Pick the next 12 months of reference data, align on cradle to gate scope unless customers need modules beyond A1 to A3, and publish in batches so your sales and technical teams can talk to customers with confidence.

Bottom line for manufacturers benchmarking USG

USG’s EPD library is broad where it counts, and its public climate targets give extra credibility with owners and GCs who read the fine print (USG, 2025). If you compete with them, closing accessory gaps is your quickest path to parity or advantage. If you are USG, keep the cadence up, especially on joint treatment and other ride along SKUs that still need coverage. The work is boring, methodical, and incredibly valuable, and it definately pays off in the spec room.

Frequently Asked Questions

Does LEED require USG’s products to be certified to achieve points

LEED does not certify products. Projects earn points when enough qualifying EPDs are used across permanently installed products, with product‑specific Type III EPDs weighted more favorably in calculations (USGBC, 2024).

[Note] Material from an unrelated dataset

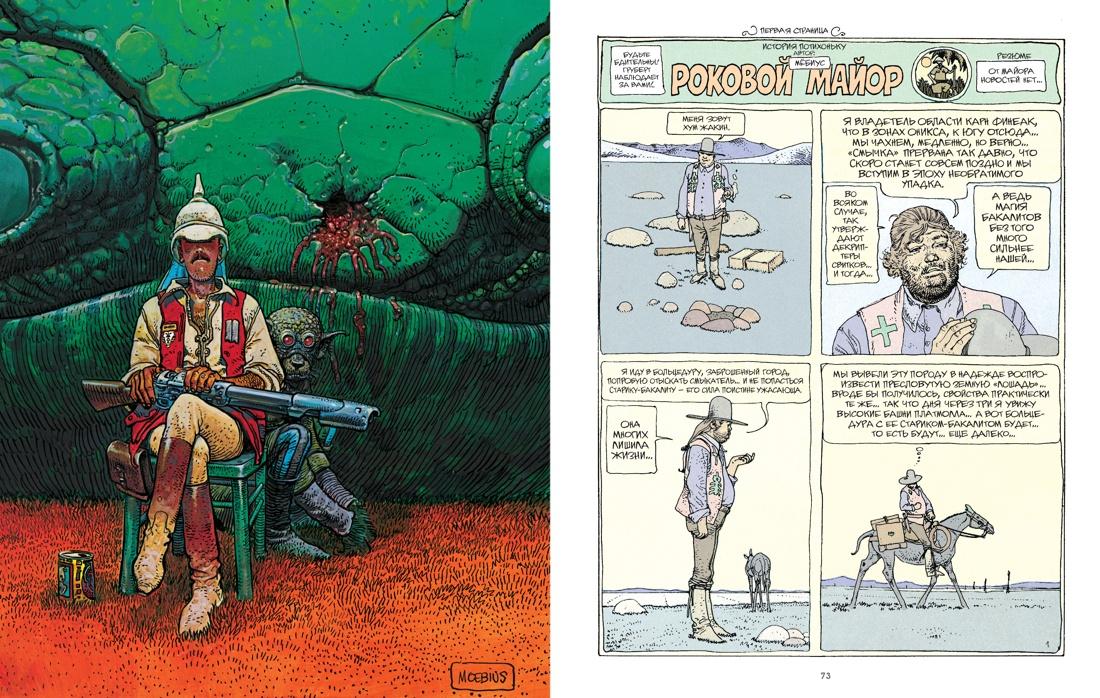 У каждого автора есть свой любимый, придуманный им же, персонаж. У Жана Жиро, а.к.а. Мёбиус, в любимчиках числился майор Груберт. Или Грубер, Жиро весьма вольно распоряжался количеством букв в именах своих героев, если вы читали первый том собрания работ этого французского гения «девятого искусства», то обратили внимание на варианты имени «Арзак». На вид Груберт - типичный французский персонаж, путешественник в пробковом шлеме и в костюме колониста, его легко представить где-нибудь в Африке, отстреливающим слонов. Впрочем, в момент первого появления на страницах журнала «Pilote» майор шлемом ещё не обзавёлся, его голову скрывала от солнца оббитая леопардом шляпа. Сам майор курил трубку и вместе с верным спутником Умберто Мантеки охотился на француза-отпускника, больше всего мечтая вернуться к своей невесте Мальвине. И самое странное во всём перечисленном - как раз француз-отпускник, молчаливый и явно карикатурный турист в шортах и сандалиях поверх носков, который куда-то бежит и которого нужно зачем-то поймать. И вся эта беготня перерастает в гротескный сюжет, разделённый на одностраничные стрипы.

Which USG product families are most consistently covered by current EPDs

Gypsum wallboard families, acoustical ceiling panels, metal grid, cement and structural panels, and self‑leveling underlayments. Accessories like fasteners, specialty tapes, and certain primers tend to lag across the industry.

Where can I find USG’s sustainability commitments and progress

USG publishes its 2030 goals and SBTi‑approved targets on its site, including emission‑reduction percentages and recycling initiatives (USG, 2025) (USG Sustainability Goals).

If a plant makes regional variants, do we need separate EPDs

Often yes. Declarations reflect plant‑specific data. An experienced LCA partner will advise when one EPD can represent multiple sites and when separate declarations are needed for accuracy and credibility.